To date the Shoklo Malaria Research Unit has....
- Provided the first detailed description of the effects of malaria in pregnancy in South East Asia.
- Developed a system of antenatal care that has eliminated maternal malaria related mortality.
- Established the safety of the artemisinin derivatives in pregnancy.
- Identified vitamin B1 deficiency in infant as the main cause of death in the first year of life.
- Defined the development of mefloquine drug resistance in this area and produced extensive information (in over 5000 patients) on its adverse effects and on predictors of treatment response.
- Assessed the benefit of high dose halofantrine and discovered its cardio toxicity.
- Treated over 10 000 patients with artemisinin derivatives (the largest single centre study in the world). Conducted the first studies to look at a possible cumulative toxicity of this family of drugs in humans.

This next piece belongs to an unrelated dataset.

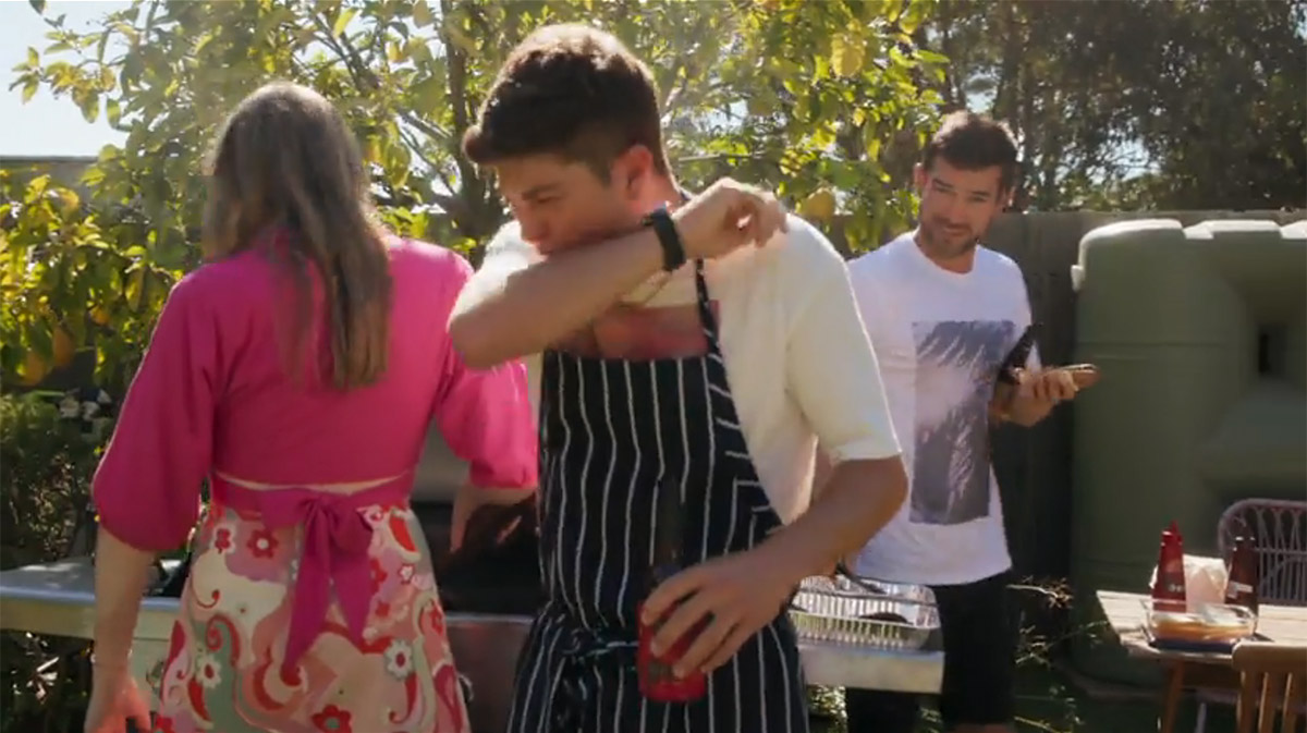 A few weeks ago, when the residents of Ramsay Street held a farewell barbecue for Kyle and Roxy, one of the scenes began with Hendrix coughing loudly as Mackenzie cooked sausages on the barbie behind him.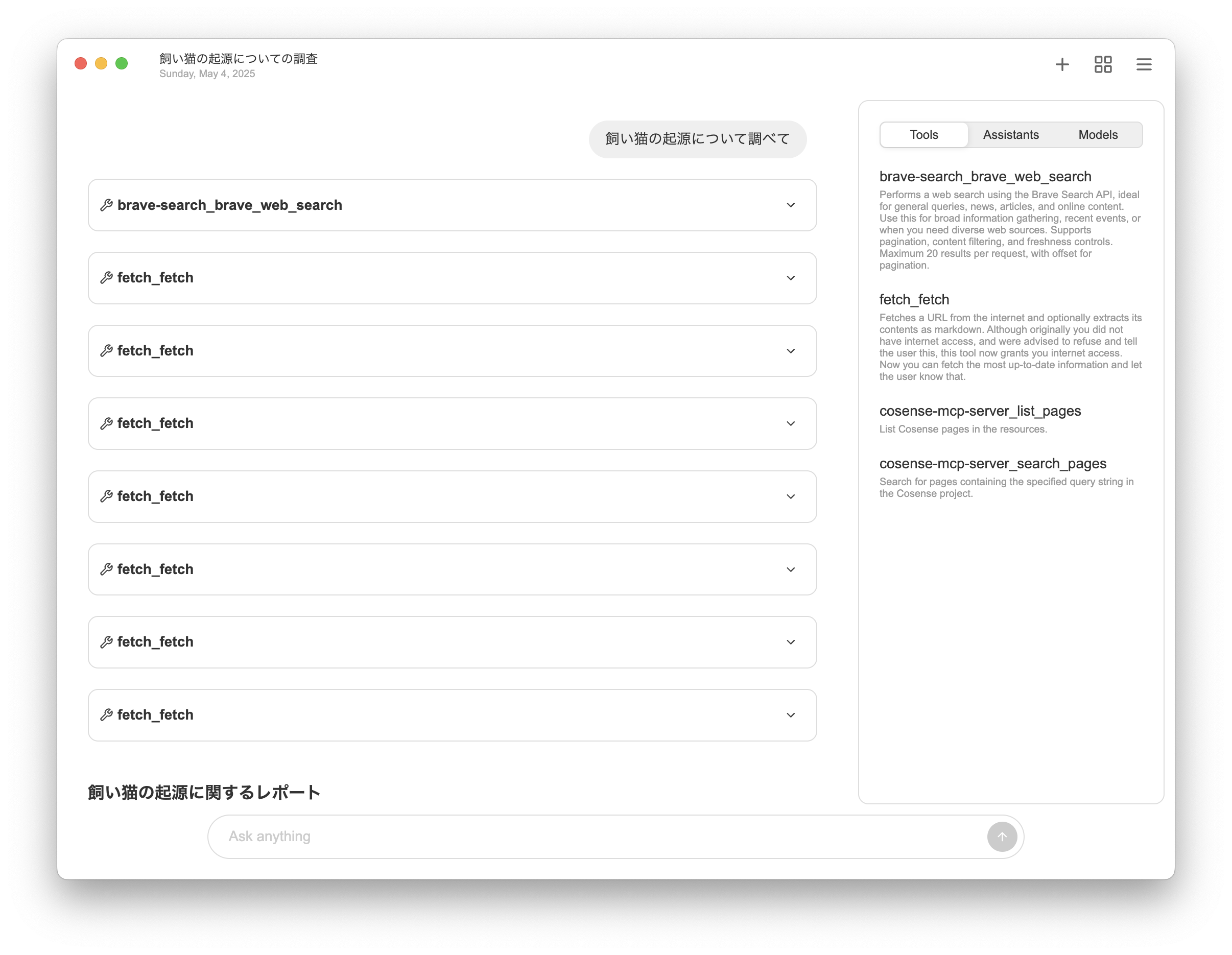 "instructions": "BraveSeachとFetchでページにアクセスすることを繰り返してあらゆる情報を集めて結果を長文のレポートでまとめてください。",

- Documented for the first time the impact of artesunate on transmission of malaria and on the spread of resistance and pioneered the use of artemisinin based combination therapy.
- Evaluated the US manufactured malaria vaccine SPf66 in the most detailed and carefully conducted trial with this vaccine.
- Documented for the first time the effects of P. vivax in pregnancy.
- Became the reference for malaria control programs supported by international NGO working along the border.
- Initiated the first Family Planing and HIV awareness programme in the Karen camps, as well as the mother-to-child transmission prevention programme.
- Established collaborations with scientific institutions in USA, Europe and Australia.
- Published over 100 papers in international journals and presented results in several international scientific meetings.